Autumn had just started to bite here in Melbourne, and it seemed like the perfect time to settle in and learn a lot more about cider, and eat some delicious food at Libertine in North Melbourne.
Our hosts, Zoe and Nick, packed their restaurant with cider makers, cider lovers and food-folk; offered us 12 ciders over four courses with plenty of cider making and tasting chat.
What’s not to love?
We started with a glass of Henry of Harcourt Original Cider – served as an aperitif like a champagne. This is made from Pink lady eating apples, a practice that is quite common in Australia, but very unlikely in France or the UK where cider apples are grown especially for cider and brandy making. I found the Cider to be very dry, short and quite acidic.
Then we settled in for:
Fromage du Tete, crackling and radish salad
Henry of Harcourt Perry – made from eating pears – tasted thin and very acidic.
Napoleon & Co Pear Cider – Sweet and inoffensive
Le Père Jules Poire Pay D’Auge – Complex, full and aromatic. Also organic.
Seared trotter (with truffles), gribiche & beans
Henry of Harcourt 2010 Yarlington Mill – this is made from a single variety of cider apple. I found it terribly dry, tannic, bitter and pretty much undrinkable.

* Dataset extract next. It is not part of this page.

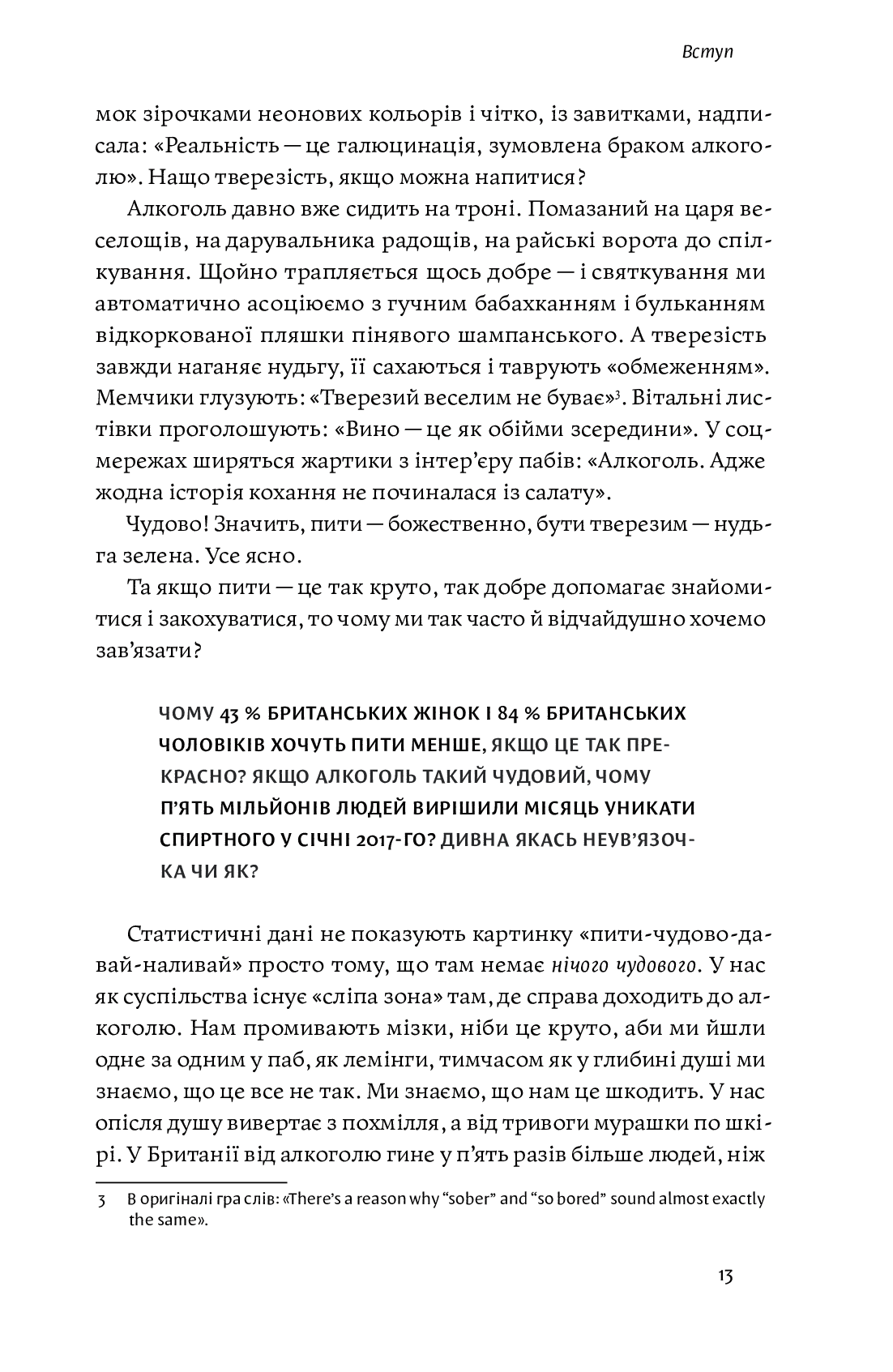 Спираючись на власний досвід подолання алкогольної залежності, Кетрін Ґрей аргументовано й натхненно пояснює, в який спосіб тверезе життя може виявитися якісно ліпшим, значно цікавішим, багатшим, насиченішим, яскравішим, щасливішим. А втім, лише вам вирішувати, чи обрати цю альтернативну реальність без випивки й втішатися життям без похмілля.

Napoleon & Co Apple Cider – Apple blossom fragrance and pleasant drinking.
Cidre d’Anneville Cidre Traditionnel, Pays de Caux – a typical pasteurised cider – sweet smelling, but a dry finish little bit tannic behind your front teeth…
Confit pork belly, bourdin noir and Calvados Jus
Henry of Harcourt Duck & Bull draft cider – this had a distinct smell of pineapple lollies and was quite astringent.
Henry of Harcourt Kingston Black ’10 – another single apple cider and again I found it bitter. The apple variety hails from Sommerset, and it was hoppy and almost “beer-like”.
Cidre de Cornouailles Manoir du Kinkiz, Brittany – AOC cider, slightly sweeter than the previous two, orange in colour and effervescent. Had aroma notes of .. wait for it … manure, urine and asphalt.
Henry of Harcourt Last Apple 2008 – made from some Pink Lady apples that they forgot to harvest.
Cider Doux Binet Rouge, Pays de Caux – made from a single apple variety – the Binet Rouge.
Overall on the evening the attendees voted Napolean & Co Apple Cider their favourite, followed by a tie for second between Henry of Harcourt Kingston Black and Cider Doux Binet Rouge, with Cidre Cournouailles coming 4th.
I didn’t agree with them :-) I put all the French ones before the local ones.
I learnt that Cider in Brittany is made with indigenous yeast, can be pasteurised or unpastrieurised, and comes from hundreds of years of tradition, often from small producers who think that no-one else will like their cider as it’s “rustic”.
Our local “artisinal” ciders are made with champagne yeast and most often table apples. Only very special makers have access to cider apples, Henry of Harcourt being one, and Bress Wine and Cider being the other that I know of. There may well be more.
Cider apples are juicy, and very tannic and astringent.
Making Perry is a difficult proposition as the natural process produces naturally occurring sorbitol, also used as a sugar substitute.
Industrial ciders are made from apple concentrate and spring water and are nasty!
I also learned that 13 tasting glasses makes you a wee bit squiffy!